Well our boy ran his second MH test last weekend. We were very hopeful as he made it to the third series, land/ water, in his first test and only had problems on the last mark and last blind in that test. 

But, you just never know. The first series was a land/ water set up. He 'blew up' on the third mark, just seem to be lost. He would not handle well either....strange as he usually has no issues like this...

Not sure what's going on with him. 50% of the dogs past, and three were within 6 months of his age (one was 11 months younger)....our next test is on 6-11, so hopefully more training will help him get back on track!

Any of you had anything like this happen when you began running MH level tests? I know we cannot expect all passes like in JH and SH, but I thought 50/50 would be possible.


----------



## SRW (Dec 21, 2018)

3goldens2keep said:


> Not sure what's going on with him. 50% of the dogs past, and three were within 6 months of his age (one was 11 months younger)....our next test is on 6-11, so hopefully more training will help him get back on track!

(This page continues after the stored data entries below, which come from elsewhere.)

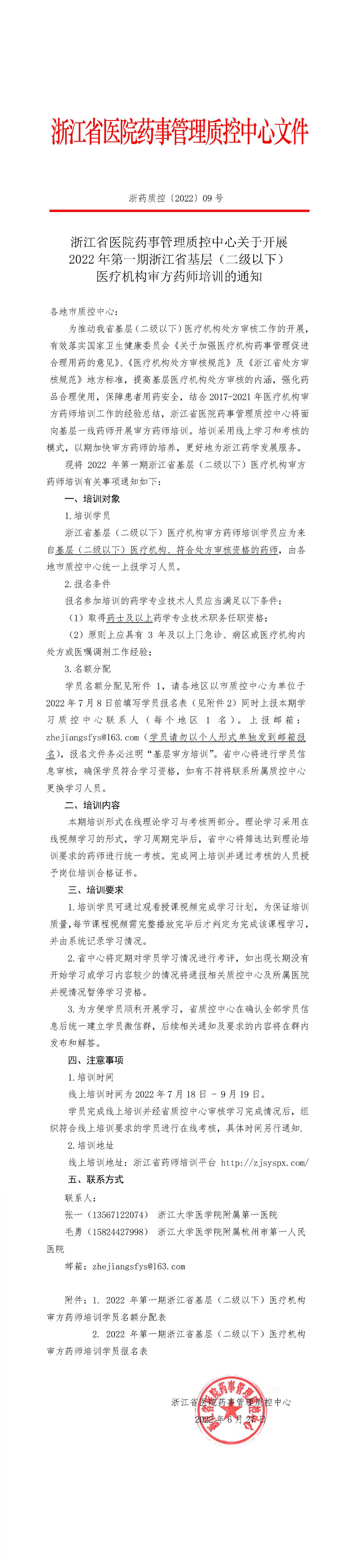 浙江省医院药事管理质控中心关于开展2022年第一期浙江省基层(二级以下)医疗机构审方药师培训的通知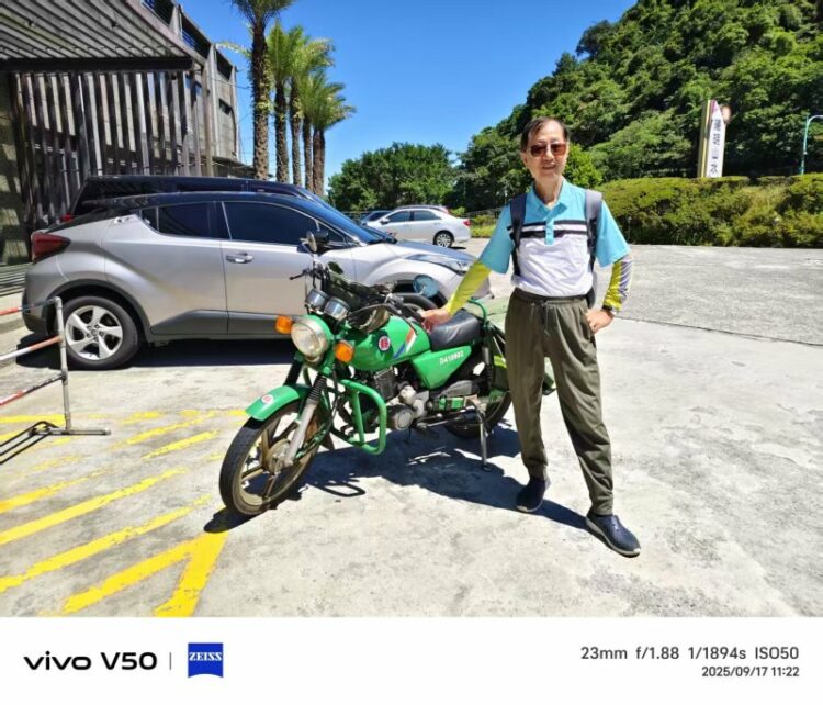 這次看到郵差送信,郭不會自己介紹,只是說:「我是退休員工,年輕人,你送信還面帶微笑,敬業喔!」這不是官樣話,是關心,自在,長者好表現。當然他一起出遊的雄中同班好友,請他和公務機車合影,欣然同意。不過同學在媒體工作,不會放過機會,把退休的郭副總來個素描,其實文字素描,相片「寫真」,人生寫意!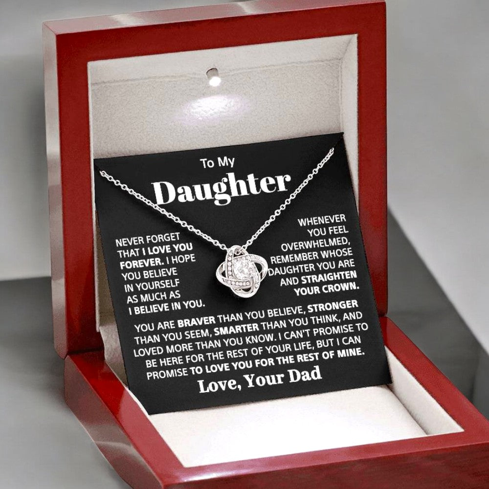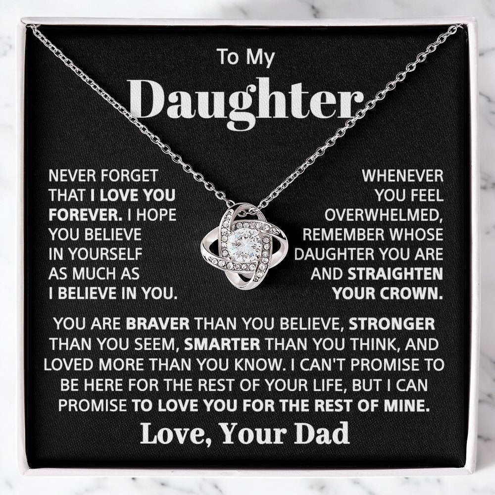 Never forget that I love you forever, and whenever you feel overwhelmed, I hope you believe in yourself as much as I believe in you. Whenever you feel overwhelmed, remember whose daughter you are and straighten your crown. You are braver than you believe, stronger than you seem, smarter than you think, and loved more than you know. I can't promise to be here for the rest of your life, but I can promise to love you for the rest of mine.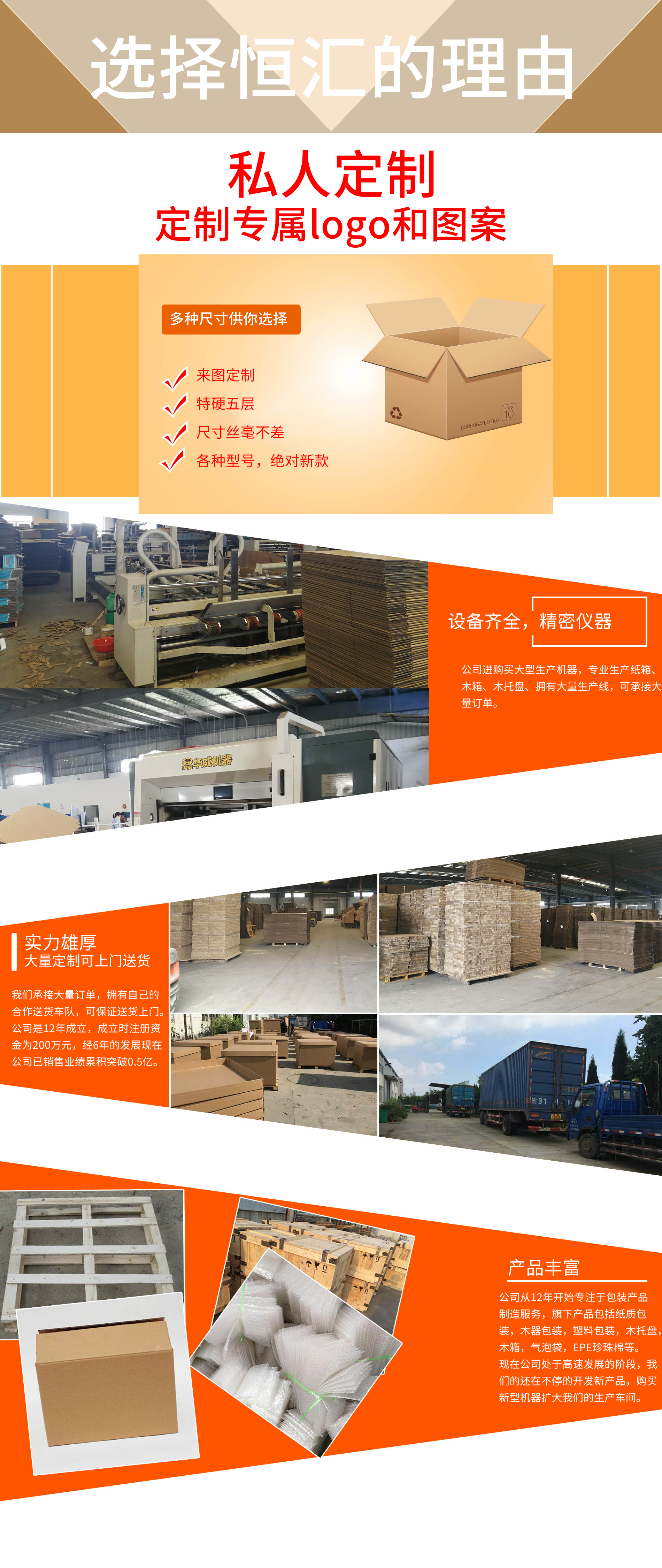 蕪湖恒匯包裝有限公司于2012年4月12日成立,公司地址現位于蕪湖市經濟開發區泰山路26號( 蕪湖鄭明物流院內),本公司主要生產紙質包裝、木器包裝、塑料包裝( EPE珍珠棉、氣泡袋、平口袋)等包裝產品,我司擁有完整科學的質量管理體系。本公司自成立后堅持以“信任從品質開始"的理念與很多客戶進行友好業務往來,業務逐年增長,為了擴大規模再生產,本公司又于2019年12月注冊蕪湖金淮商貿有限公司,兩家公司以互聯網+實體模式共同發展,爭取到2022年銷售業績突破2億元,公司將實行資源整合統一管理模式,將一如既往堅持‘務實創新,團結奮進,精益求精’的企業精神和'質量為先,客戶至上’的經營宗旨,不斷完善服務體系,以社會化的服務精神,真誠為廣“大客戶提供完善的服務,以熱情的銷售,全程陪同,及時熟知您的需求,量身定制,為您節省成本,節約能耗,為您企業發展插上騰飛的翅膀。讓我們成為客戶的同時,永遠成為朋友。蕪湖恒匯包裝有限公司...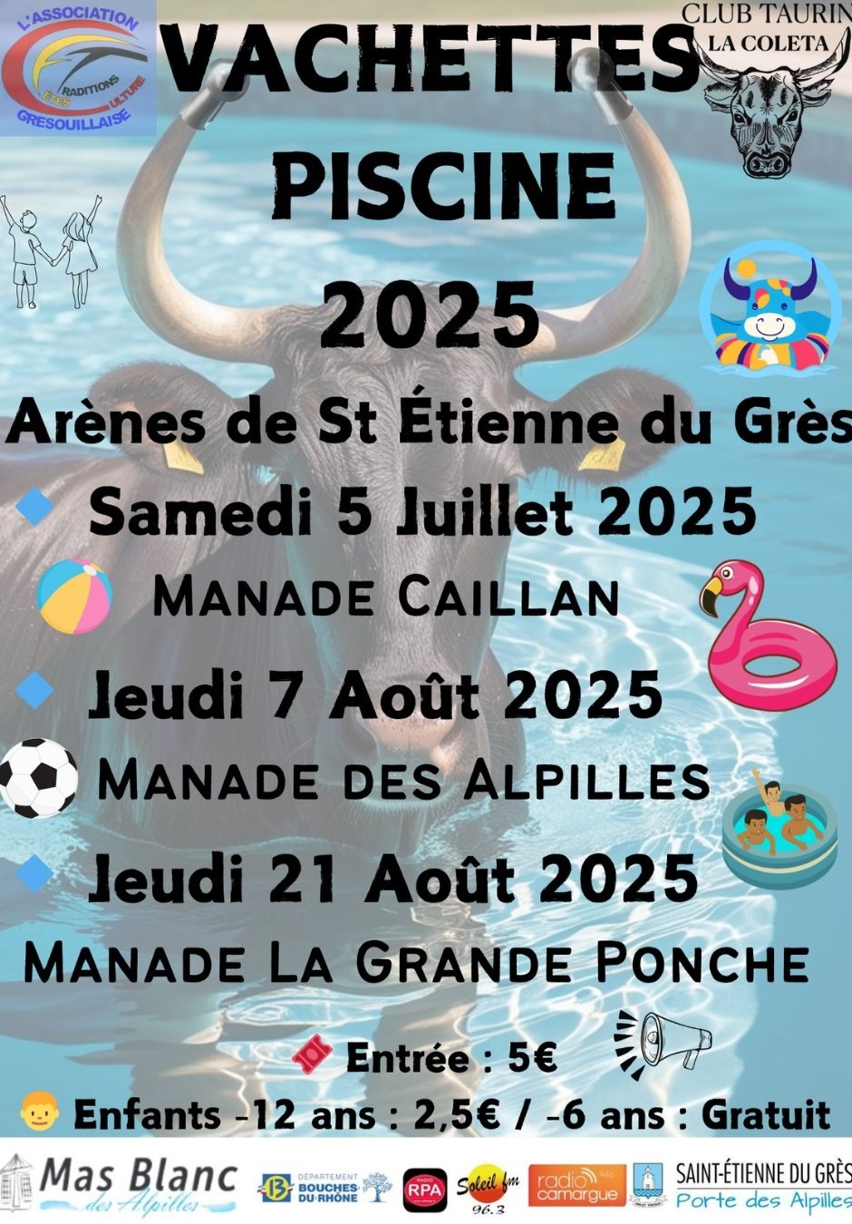 Retrouvez toutes les dates des taureaux piscines à Saint-Étienne-du-Grès

First thing is, do not compare dogs. The ages of the other dogs and how many passed the test are irrelevant. 
Second thing, training will get you back on track. Hopefully you left with a better idea of what you need to work on. 



3goldens2keep said:


> The first series was a land/ water set up. He 'blew up' on the third mark, just seem to be lost. He would not handle well either....strange as he usually has no issues like this...


Not uncommon, he knew there was a mark and desperately wanted to find it. 
Work on good tough marks in training. Take it slow, build on success and work toward more difficult marks than you are likely to see at master tests. Do more singles than multiple marks. 
The way to build on a retrievers marking ability is to constantly challenge them. There is only so much time in a training day and a dog has a limited amount of fuel in the tank. Every mark should be meaningful and challenging and ideally, will push your dog to the edge of his ability.


----------



## Golden Gibby (Jan 8, 2011)

SRW gave good advice, don’t compare dogs and don’t focus on age.
As for your question, yes it happened to me. My dog passed her first two tests then “cuckoo” got out of the clock. We went out on the first series in the next two tests. Including one being unable to find the flyer go bird.
Her main problem was boiling over with excitement. It happens. We got there, just not as soon as I would have liked. But I gained a lot of valuable experience along the way.


----------



## SRW (Dec 21, 2018)

Golden Gibby said:


> Her main problem was boiling over with excitement. It happens.


Yes it does. the event atmosphere has a profound effect on many dogs and possibly even more handlers.


----------



## 3goldens2keep (Feb 13, 2019)

Thanks for the feedback, I got the idea of age from our trainers, suggesting that our boy was the youngest in the hunt, when I checked the birth dates he was not! But I won't let that be a discussion point going forward...


----------